Justin wstał z ziemi przecierając wargę z krwi

-"pojebało was mówiłem że nic jej nie zrobię! "

podbiegłem do niego razem z Harrym w tym czasie Joey uspokajał Tony'ego. Harry zaczął mówić

-"wybacz mieliśmy tylko pogadać nie wiemy co mu strzeliło do łba"
-"spoko przeżyje "

odwrócił się i poszedł do szkoły

JUSTIN:
wszedłem do szkoły i zmierzałem do łazienki. obok z toalety damskiej wyszła Caroline z Olivią

-"boże Justin co ci się stało"

zapytała tak troskliwie Olivia

-"nic.. "
-"musisz to o patrzeć chodź"

pociągnęła mnie za rękę do jakiegoś małego pomieszczenia w szkole. wyciągnęła z plecaka malutką apteczkę

-"co ci się stało? "

zapytała przykładając gaze do mojego policzka

-"nic przewróciłem się"
-"Justin nie kłam. to wygląda jakbyś się z kimś bił"
-"nic mi nie jest daj spokój"
-"Eryk? prawda? "
-"nie"
-"to kto? "
-"Tony"

była wkurzona i skupiona. przyłożyła kolejną gaze tym razem do moich ust i wpatrywała się w nie z zezłoszoną miną a ja uważnie jej się przeglądałem.

-"zamierzasz się tak na mnie cały czas patrzeć"

Olivia przerwała niezręczną ciszę.

-"tak... no dopóki nie wyjdziesz"

brunetka zaśmiała się cicho

-"ja wiem że nie znamy się długo... "
zaczęła nieśmiało

-"ale czuje się przy tobie lepiej, bezpieczniej "

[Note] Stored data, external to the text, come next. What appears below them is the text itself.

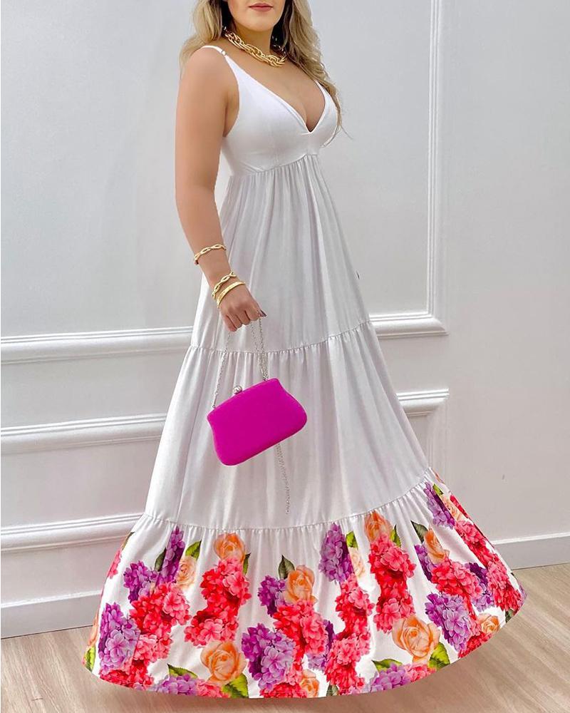 Sleeveless Plunge Ruched Floral Print Maxi Dress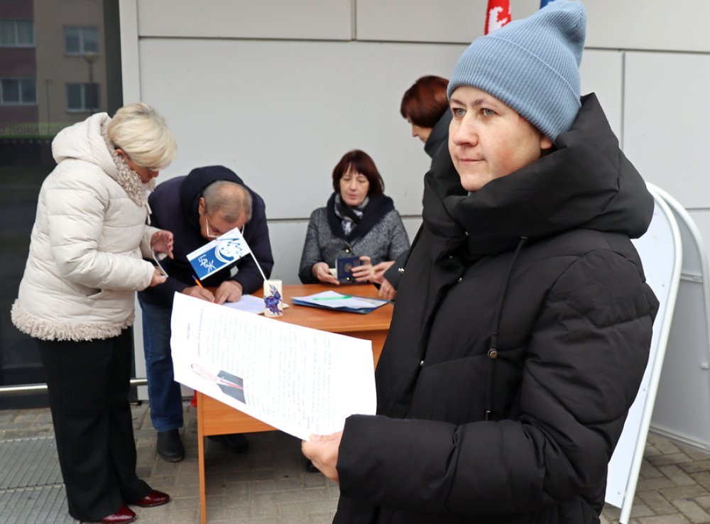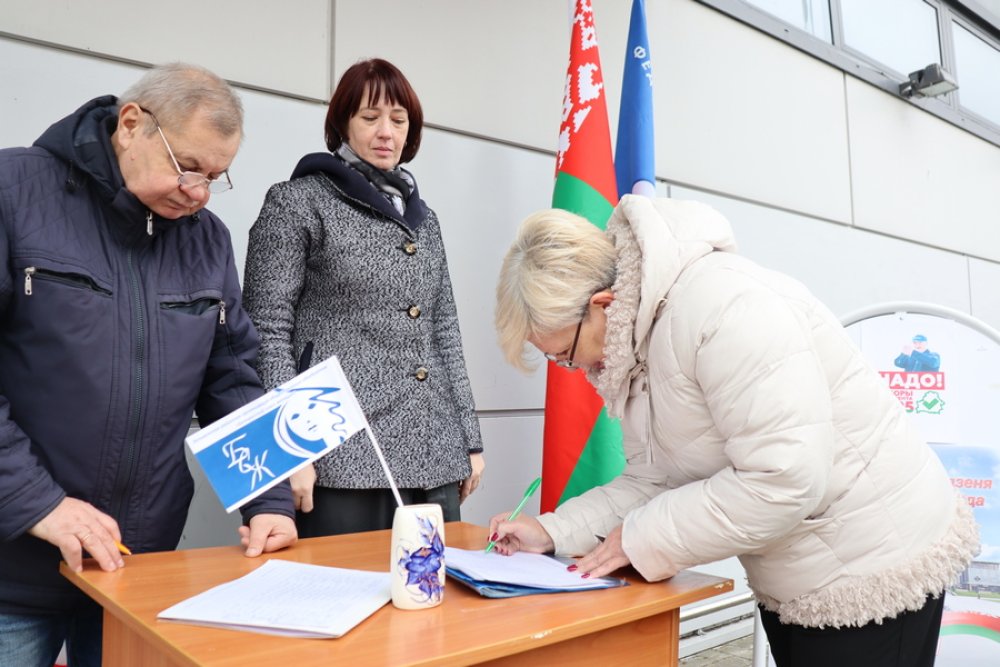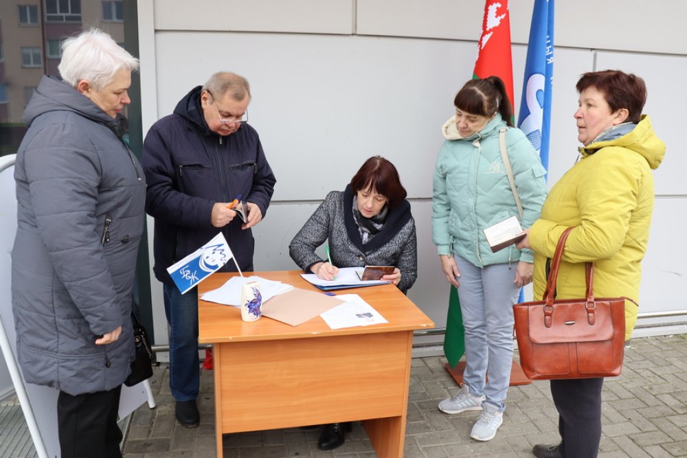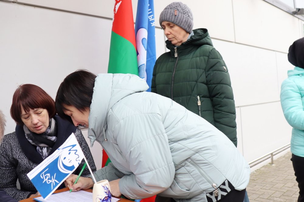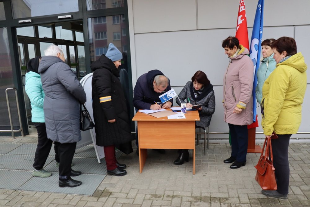 Сбор подписей в районе идет активно.  Сегодня возле магазина «Евроопт» в обеденный перерыв свой пикет организовали представители Федерации профсоюзов, Коммунистической партии Беларуси и общественного объединения «Белорусский союз женщин».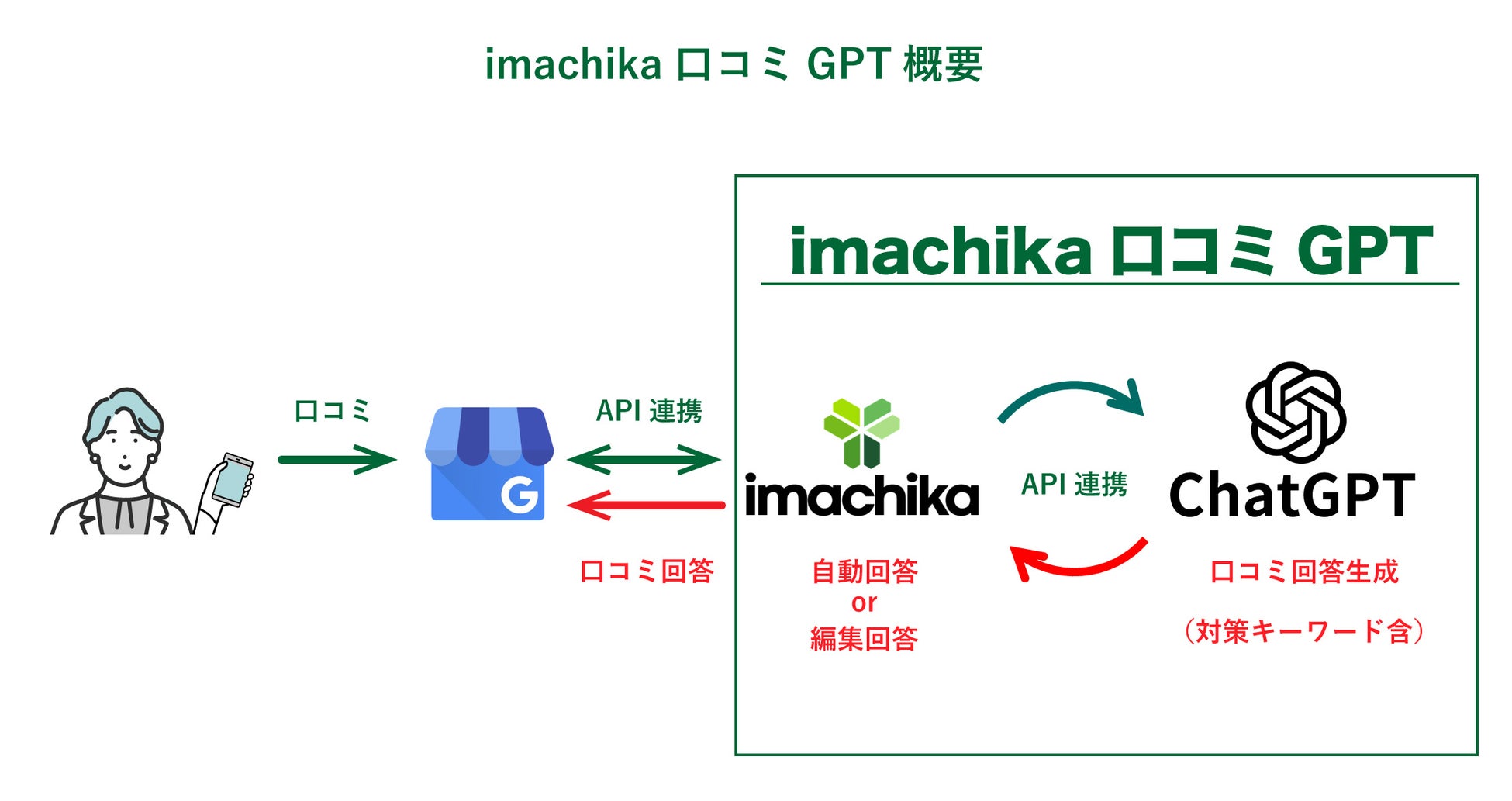 店舗自動集客ツール『imachika(イマチカ)』を開発・提供するいまチカ株式会社(東京都中央区、代表:伊利夫、以下いまチカ)は、imachikaのオプション機能として、ChatGPTを活用した口コミ自動返信サービス「imachika口コミGPT」をリリースしました。Googleビジネスプロフィールなどの口コミに対して、最適な返信を自動化できます。これにより、顧客満足度の向上と顧客対応業務の負荷軽減、さらにMEO対策を同時に実現できます。

nastąpiła niezręczna cisza żadne z nasz nie wiedziało co ma powiedzieć

-"to ja już pójdę "

brunetka chciała wyjść ale pociągnąłem ją za rękę tak że wpadła w moje ramiona a ja ją mocno przytuliłem

-"to dobrze że tak się czujesz"

szepnąłem do jej ucha. dziewczyna wtuliła się w moje ramiona. a ja czułem spokój i ulgę.

-"musze iść"

brunetka szybko się odsunęła i starała łzy z policzka.

-"nie płacz malutka"

powiedziałem żeby ją uspokoić a ona popatrzyła na mnie takim niewinnym wzrokiem po czym kolejna łza spłynęła po jej policzku.

OLIVIA
czułam się w ramionach Justina bezpieczna czego dawno nie czułam więc zaczęłam płakać gdy brunet mnie przytulił. w końcu chłopak przerwał cisze która nastała

-"wiesz że chce ci pomóc... "
-"dlatego bijesz się z Tonym? "
-"ej on zaczął. ale nie o tym mówię"
-"to o czym"

spojrzał na moje ręce

-"chce ci pomóc z wszystkimi problemami ale... "
-"ale co? "
-"ale musisz dać sobie pomóc"

nikt mi niegdy nie pomagał zawsze radze sobie sama więc nie wiedziałam co powiedzieć. mój wzrok znów wlepiłam w podłogę a paznokcie dalej nerwowo wbijałam w rękę. brunet złapał moją dłoń abym nie zrobiła sobie więcej ran.

-"Olivia ja wiem że nigdy nie dostałaś pomocy ale ja pragnę ci ją dać. "

zagrodził mi drogę rękoma i wyszeptał to do mojego ucha a mnie przeszły ciarki. zrobiło się bardzo niezręcznie i jakby ciepło?

-"to ja już pójdę"

odezwałam się w końcu, szybko odwróciłam i wyszłam.